Why do Machine Learning Notebooks Crash?
- URL: http://arxiv.org/abs/2411.16795v1
- Date: Mon, 25 Nov 2024 09:33:08 GMT
- Title: Why do Machine Learning Notebooks Crash?
- Authors: Yiran Wang, Willem Meijer, José Antonio Hernández López, Ulf Nilsson, Dániel Varró,
- Abstract summary: We collect 64,031 ML notebooks containing 92,542 crashes from GitHub and Kaggle.
We analyze a sample of 746 crashes across various aspects, including exception types and root causes.
Our analysis reveals that 87% of crashes are caused by API misuse, data confusion, notebook-specific issues, environment problems, and implementation errors.

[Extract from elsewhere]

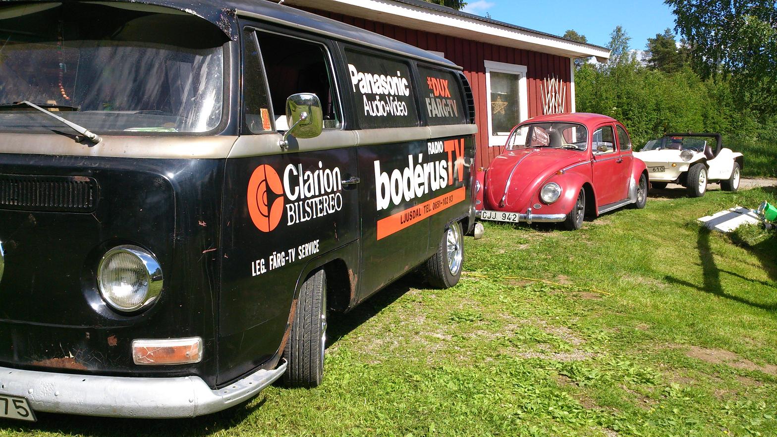Tack för kommentarerna om stuket åxå. Helnöjd jag med och jag fick till växlingslägena och hängde dit stötfångaren det sista jag gjorde  innan vi stack iväg till Grenje. Det blev en fin samling och en mycket trevlig tillställning med ca 15 bilar totalt, bla annat en tidigare ägare av bussen  som rivit fart på ett annat gammalt ´90 tals bygge, vita buggyn på bild 2, och tyckte det var riktigt kul att va på VW träff !  ICQ/af

- Score: 1.8292110434077904
- License: http://creativecommons.org/licenses/by/4.0/
- Abstract: Jupyter notebooks have become central in data science, integrating code, text and output in a flexible environment. With the rise of machine learning (ML), notebooks are increasingly used for ML prototyping and data analysis. However, due to their dependence on complex ML libraries and the flexible notebook semantics that allow cells to be run in any order, notebooks are susceptible to software bugs that may lead to program crashes. This paper presents a comprehensive empirical study focused on crashes in ML notebooks. We collect 64,031 ML notebooks containing 92,542 crashes from GitHub and Kaggle, and manually analyze a sample of 746 crashes across various aspects, including exception types and root causes. Our analysis highlights unique root causes related to notebook semantics, including out-of-order execution and previous cell error, that have not been thoroughly covered in earlier research. Furthermore, we categorize crashes as ML bugs or general Python bugs and examine how the crashes are distributed across different stages of the ML pipeline. Our analysis reveals that 87% of crashes are caused by API misuse, data confusion, notebook-specific issues, environment problems, and implementation errors. Crashes are more commonly related to ML bugs than general Python bugs, particularly in Kaggle notebooks, where over 70% of crashes are ML-related. The distribution of crashes across ML pipeline stages differs between the two platforms. Additionally, most crashes (58%) occur during data preparation, model training, and evaluation/prediction stages of the ML pipeline. GitHub and Kaggle exhibit different crash distributions across these stages.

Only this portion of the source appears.